Now, between bites, words poured out of her like a stream that had been dammed up since her father’s death. But she never made eye contact with me. That wall remained between us.
When she finally seemed to be finished talking, at least for the time being, I asked whether she’d like to visit my new foster children. One thing I was certain about Kara-she did love animals. She’d had a little mutt for a while but had to find him a home when she moved to a place where pets weren’t allowed.
Soon we were down in the basement sitting next to where Dame Wiggins and her brood lay on the quilt I’d brought down last night. And since I left the door open, Chablis joined us. Her wish to visit these strangers had finally come true.
I told Kara about the suspicious death and what had led up to it, but she was so taken with the kittens, I wasn’t sure she heard a word. And though I expected a hissing face-off between Wiggins and Chablis, it didn’t happen.

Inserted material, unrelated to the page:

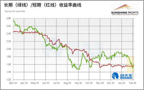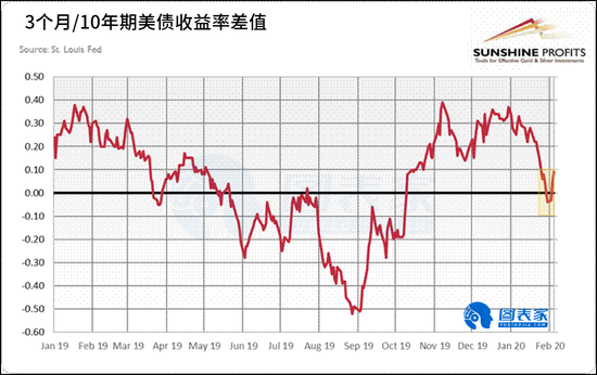 图为3个月和10年美国国债收益率息差的走势图,可以看到在1月和2月之交,息差再次跌至零以下,但仅仅只有几天就再次回升至零之上。

Chablis took her time getting close, and just as I finished my story about the events of the last three days, my cat did something that totally amazed me. She curled up on a corner of the quilt near Wiggins’s tail and began to groom her new-found friend.
“This shouldn’t happen,” I said.
“What do you mean?” Kara stroked Wiggins’s head.
“Not so much as a hint of a catfight-but then Dame Wiggins is probably the most unusual cat I’ve encountered, and Chablis is as gentle as Mercy Lake at dawn. Dame Wiggins did lead me to her litter, while most cats would have done just the opposite. This pretty calico seems to have a keen sense of what’s safe and what’s not.”
“Dame Wiggins? What a funny name. She obviously understands that Chablis is no threat,” Kara said. “But I could have told her that right away. Chablis is a sweetheart.”